Todos os anos, em janeiro, no auge do inverno nova-iorquino, centenas de pessoas se reunem para uma estranha brincadeira: entrar no metrô sem calças. Na parte de cima, homens e mulheres vestem o que habitualmente usam, paletó, blusa, casaco, ou moletom, no entanto, na parte de baixo, somente cuecas e calcinhas, com pernas à mostra.
Da primeira vez que vi isto ocorrer, causou um certo estranhamento, mas, no metrô lotado, eu era o único que parecia estar notando algo de errado. Todos os demais nova-iorquinos ignoravam, ou fingiam ignorar, a ausência das calças em alguns passageiros. Era como se fosse um dia corriqueiro, como qualquer outro.
Semana passada, no East Village, um homem, vestido de mulher, corria em círculos com uma rena de pelúcia em mãos. A maioria das pessoas simplesmente passava por ele, fingindo não vê-lo, apenas um ou outro dava uma risadinha, ou parava para tirar uma foto
Se era um louco, pouco importa, o extraordinário era a reação das pessoas, a indiferença delas.
O mote dos EUA, arrotado aos quatro ventos, é liberdade. Em vários aspectos, é uma lema puramente retórico, para justificar invasões ao Iraque ou Afeganistão, mas em outros, é de fato o ideal pelo qual os americanos vivem: liberdade acima de tudo.
Para um americano, pouco importa como você se veste, o que você faz, com quem você anda, o que você come. Cada um é responsável por seus próprios atos, livre para fazer suas próprias escolhas e ninguém tem nada a ver com isto. Ninguém.
Isto não significa que não haja preconceitos, mas externá-los chega a ser quase antiético.
Como os americanos reagiriam a uma universitária desfilando com um vestido rosa curtíssimo?
Difícil dar uma resposta categórica, mas talvez com a mesma indiferença com que tratam os passageiros sem calças no metrô, ou o louco trajado de mulher na Astor Place, com indiferença, com naturalidade.
E é neste momento em que revelamos toda nossa hipocrisia, nosso atraso, nossa moralidade retrógrada.
Estamos tão habituados à exposição do corpo, à reificação da mulher e do sexo, no baile funk, no carnaval, no fio dental na praia, no concurso "Menina da Laje", na protagonista da novela posando para a "Playboy", na imagem do corpo vendida e veiculada em todos os outdoors, nas revistas, na TV, nos jornais de quinta.
Consumimos a todo o momento o culto ao corpo, ao sexo, à beleza a qualquer custo e, ao mesmo tempo, paradoxalmente, repudiamo-lo quando se apresenta fora dos meios onde ele é convencionalmente aceito.

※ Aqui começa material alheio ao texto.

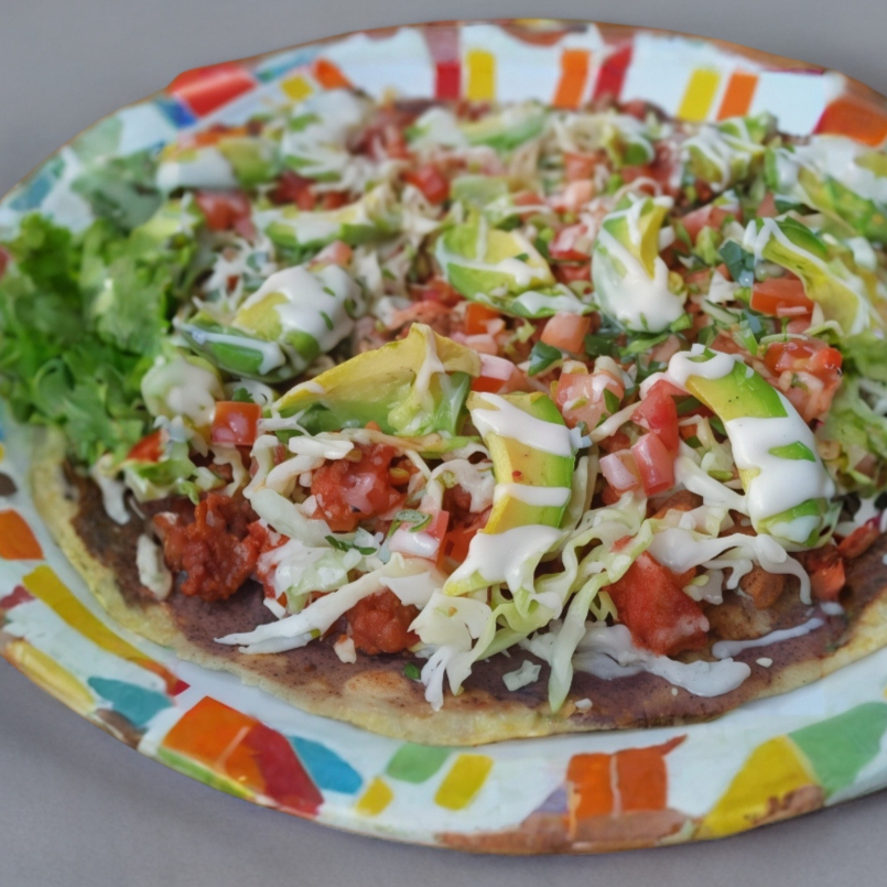 TORTILLA ECHO A MANO, CARNE ASADA, PASTOR O MIXTA, FRIJOLITO, QUESO, LECHUGA, REPOLLO RAYADO, TOMATE PICADO, AGUACATE Y CREMA
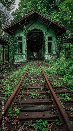 Abandoned train station overgrown with greenery, featuring old tracks and a rustic building that tells a story of time forgotten.
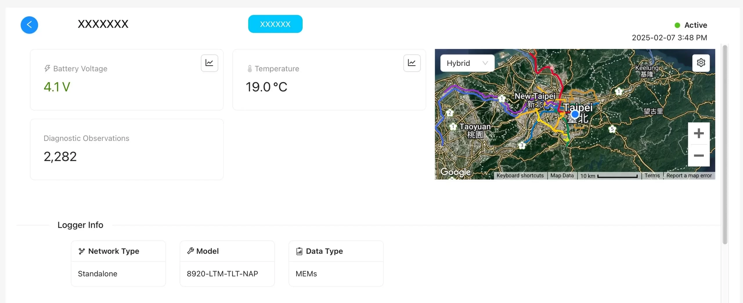 7. 點入任何一台裝置的序號, 便可進入該裝置看到更多該裝置的資訊譬如:該裝置的位置,電量, 溫度,最後一次下載資料日期等。
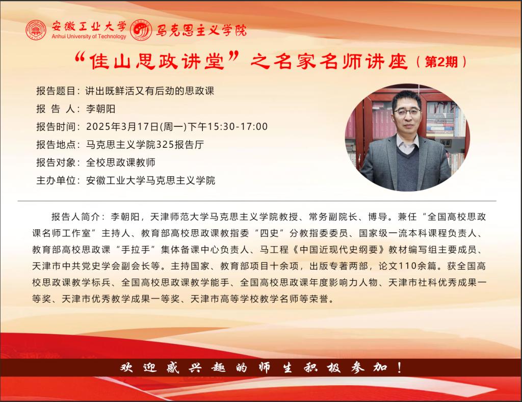 为贯彻落实习近平总书记关于推动新时代高校思政课建设的重要讲话指示精神,提高思政课的针对性和吸引力,在守正创新中推动思政课建设内涵式发展,2025年3月17日下午3:30,学院在325报告厅举行第二期佳山思政讲堂之名家名师讲座活动,邀请天津师范大学必赢线路检测3003no1常务副院长、博士生导师李朝阳教授做客讲堂,以“讲出既鲜活又有后劲的思政课”为题作了专题讲座。必赢线路检测3003no1领导班子、全院思政课教师参加,院长郑洁主持。

Talvez sejam os tabus, estas normais sociais que regulam o permitido e proibido, que estejam no cerne desta questão, que expliquem porque aceitaríamos a Geyse e seu vestido rosa em certas circunstâncias, mas a repudiariamos em outras.
Mas nada é tão simples, e tabus não explicariam porque milhares de alunos, supostamente esclarecidos, posto que estão numa Universidade, se reuniriam para insultar uma colega, apenas por causa do que ela veste. Se tabu, ou machismo, pode estar na origem do ocorrido, as proporções do evento sugerem outro fator.
"Eu comecei a gritar, mas nem sabia o que estava acontecendo. Foi engraçado", disse um estudante da UniBan, numa das reportagens que assisti. O ser humano, como uma criatura social, tende a reproduzir os atos dos seus pares como estratégia de sobrevivência: se a maioria faz, então deve ser o melhor a ser feito. Enquanto que este comportamento se justifica em várias ocasiões e nos ajuda coletivamente, em muitas situações apenas reforça uma injustiça.
No livro "A Sabedoria das Multidões", há um exemplo esclarecedor - uma mulher que deseja se suicidar jogando-se de uma ponte causa um enorme congestionamento. Algumas pessoas, para se livrarem logo deste incômodo, começam a gritar, "Pula! Pula!". Em pouco tempo, centenas de motoristas nervosos reforçam o coro e a mulher se joga para a morte.
Duvido que qualquer uma daquelas pessoas, individualmente, desejasse a morte da mulher, mas coletivamente, de modo errôneo, os motoristas julgaram que, se ela se jogasse logo no rio, o tráfego seria normalizado.
Às vezes, precisamos nos esconder sob a máscara da coletividade para expormos nossa intolerância. Somente assim, sentimo-nos seguros para demonstrar a nossa profunda ignorância.